Журавушка посмотрела на него в упор. Ее глаза и правда были зеленые – пылающие, с желтоватым оттенком серы.

– Да что ты знаешь о золоте? – произнесла она странным, каким-то не своим голосом.

– Кто ты? – спросил Джордж сердито, хотя и со страхом в груди.

– Вопрос, который нет нужды задавать, – ответила она.

Лава хлынула из ее глаз и фонтанами полилась в его сторону.

Он побежал. Точнее, попытался бежать. Его ноги с грохотом опускались на скалистую породу, унося прочь от раскаленной лавы, накатывавшей волнами, все ближе и ближе, но на самом деле он бежал на месте.

– Ладно, – сказал он. – Так и быть, это и правда сон.

– Нет, – ответил вулкан, поднялся под ним на дыбы, обнял его за шею пылающей рукой и поднял в воздух.

– Прошу тебя, – прохрипел Джордж, – остановись! Но вулкан, не слушая, поднимал его все выше и выше, затягивая звезды клубами дыма и сполохами огня.

– Не остановлюсь! – ревел вулкан. – Я никогда не остановлюсь!

Наконец он размахнулся, зашвырнул Джорджа в небо – и тот понесся со страшной скоростью мимо плавящегося мира, мимо кипящих облаков, которые только что были озерами и океанами, мимо кричащихжертв в пылающих городах. Он летел, как комета, пока не увидел свою цель – белизну шелковистого оперения и мощные крылья, складывающиеся и распахивающиеся во всю их невероятную ширину.

Он врезался в них.

И это его уничтожило.


Он проснулся. Без крика, без подскакивания в постели с сердцем, разбивающимся о грудь. Никакого драматизма. Просто открыл глаза. Полные слез.
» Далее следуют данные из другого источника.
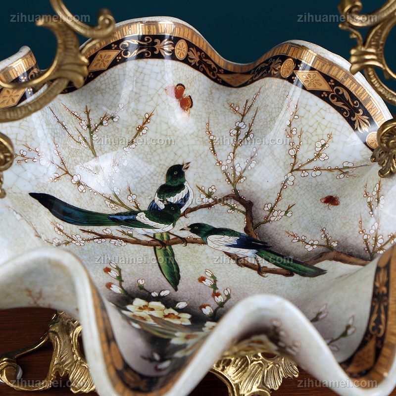 在字画美拥有精美的陶瓷配铜作品如下:陶瓷配铜摆件、陶瓷配铜摆盘、陶瓷配铜挂盘、陶瓷配铜壁饰、陶瓷配铜笔筒、陶瓷配铜动物摆件、陶瓷配铜盖盒、陶瓷配铜盖坛、陶瓷配铜果盘、陶瓷配铜果盆、陶瓷配铜果碟、陶瓷配铜果篮、陶瓷配铜花瓶、陶瓷配铜花插、陶瓷配铜酒架、陶瓷配铜书立、陶瓷配铜香薰盒、陶瓷配铜台灯、陶瓷配铜托盘、陶瓷配铜烟灰缸、陶瓷配铜纸巾盒、陶瓷配铜钟座、陶瓷配铜烛台、陶瓷配铜家具,每一件都是精心之作,艺术臻品。
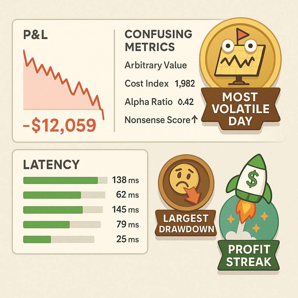 - Latency Monitor: A smug green bar that stays perfect while your strategy doesn’t.
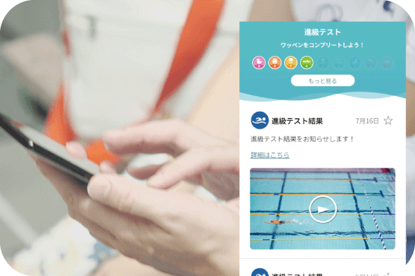 お子様の成長をサポートするオンラインサービスと、自分の泳ぎを映像で確認できるシステムを使ったレッスンで、更なる上達へ導きます。
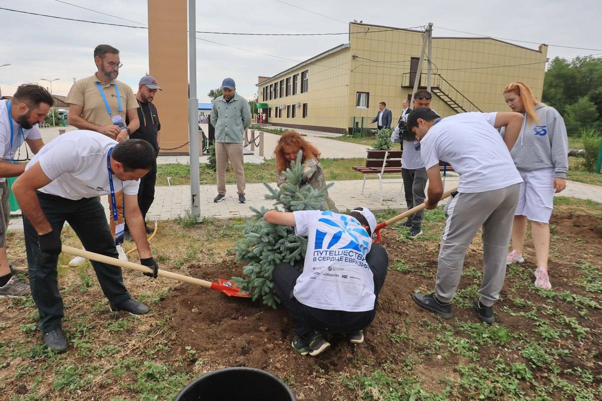 А затем в посёлке Сагарчин Акбулакского района участники экспедиции совместно с представителями Оренбургской области высадили деревья на аллее дружбы.

– Кумико? – проронил он в темноту своей спальни, зная, что сегодня Кумико ночует у себя и что он дома один. И все-таки он произнес еще раз: – Кумико?

Но никто не ответил.

– Я хочу тебя, – сказал он. – Боже, как я хочу тебя.

И, как и всегда, устыдился собственной жадности.

Ill

Аманда стала брать ее с собой на работу. Не каждый день, но частенько. Что, конечно, было не совсем разумно, если учесть, какие деньги за такие вещи готовы были платить люди, то для Аманды эта вещица означала нечто другое, более личное, хотя спроси ее что именно – она и сама бы толком не объяснила. В общем, носить ее на работу было рискованно. Ибо можно было даже не сомневаться: если кто-то увидит – начнутся расспросы.

Вот и сегодня утром, собираясь, она твердо решила ее не брать. Но, как случалось уже не раз, в последний момент передумала.

Это была обычная черная табличка – как и те, что она видела в студии отца, – на которой искусно вырезанные и аккуратно подстриженные белые перья слагались в пейзаж: линия горизонта, а высоко в небе – птица. Белая птица на белом небе, но явно отдельно от него, и, очевидно, она летит, но в то же время – застыла.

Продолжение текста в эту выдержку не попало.